Agent wraps analysis in report markers → chat shows a compact card: "📊 Results ready · View Report →"
Clicking opens a floating Results Dashboard panel alongside the canvas
Dashboard renders formatted markdown: tables, headers, bold metrics, key insights
Copy button to clipboard, Export button to download as markdown
Timestamped so users know when the analysis was generated
Auto-updates when agent sends new analysis

The experience: Canvas on the left showing your DAG, Results Dashboard on the right showing your analysis, chat in between for interaction.
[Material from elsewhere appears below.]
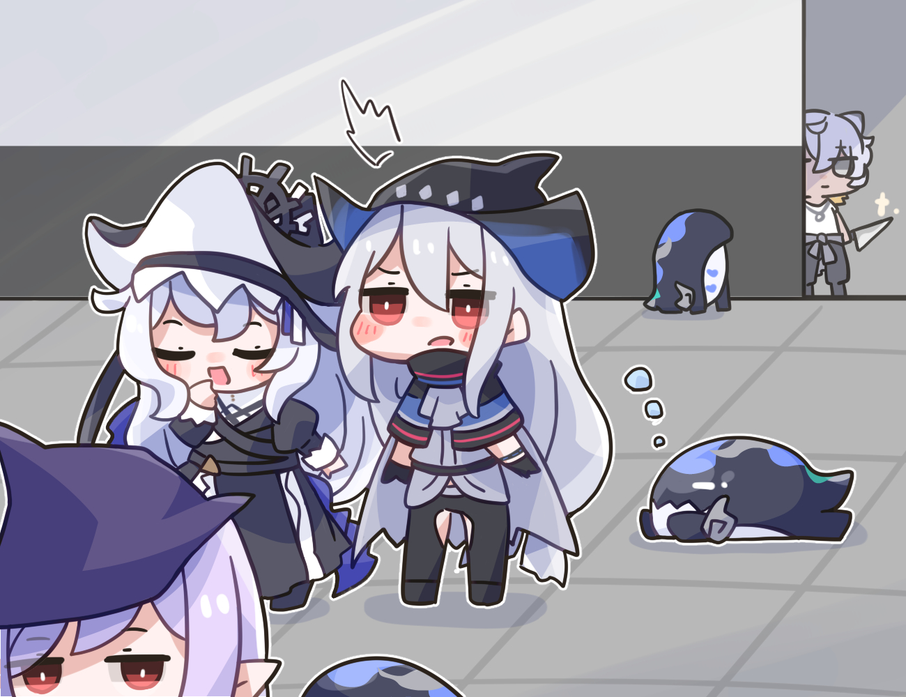 :d ^^^ arknights black_capelet black_dress black_headwear black_pants blush_stickers capelet chibi closed_eyes clothing_cutout commentary_request crotch_cutout dress gladiia_(arknights) grey_eyes grey_hair grey_shirt hair_between_eyes hat holding holding_knife indoors jaye_(arknights) knife midzuchi open_mouth pants pointy_ears purple_hair red_eyes shirt skadi_(arknights) smile specter_(arknights) standing tile_floor tiles

Everything visible at once — no tab switching, no scrolling through messages.
Demo Scenario

Open Dataset Bank → search "diabetes" → filter "Biomedical" → see Pima Indians Diabetes dataset
Click "🔗 View on UCI" to verify → click "☁ Import" → dataset appears in Your Datasets
Open a workflow → ask the Diabetes Agent: "Build a classification workflow using my diabetes dataset"
Agent generates the workflow on canvas
Ask: "Run it and give me a comparison report"
Agent runs workflow, produces analysis → "📊 Results ready · View Report →"
Click → Results Dashboard opens with formatted model comparison table, winner, key insights
Copy the report to share with advisor

Files Changed
Dataset Bank (Frontend)

dashboard/component/user/dataset-bank/ — DatasetBankComponent (page, search, categories, cards)
dashboard/component/user/dataset-bank/dataset-bank.seed.ts — Curated seed of 20+ popular datasets
dashboard/service/dataset-bank/dataset-bank.service.ts — Fetch, filter, import logic

Dataset Search (Agent Service)

agent-service/src/agent/tools/dataset-search-tool.ts — search_datasets tool (dkNET + UCI + Kaggle)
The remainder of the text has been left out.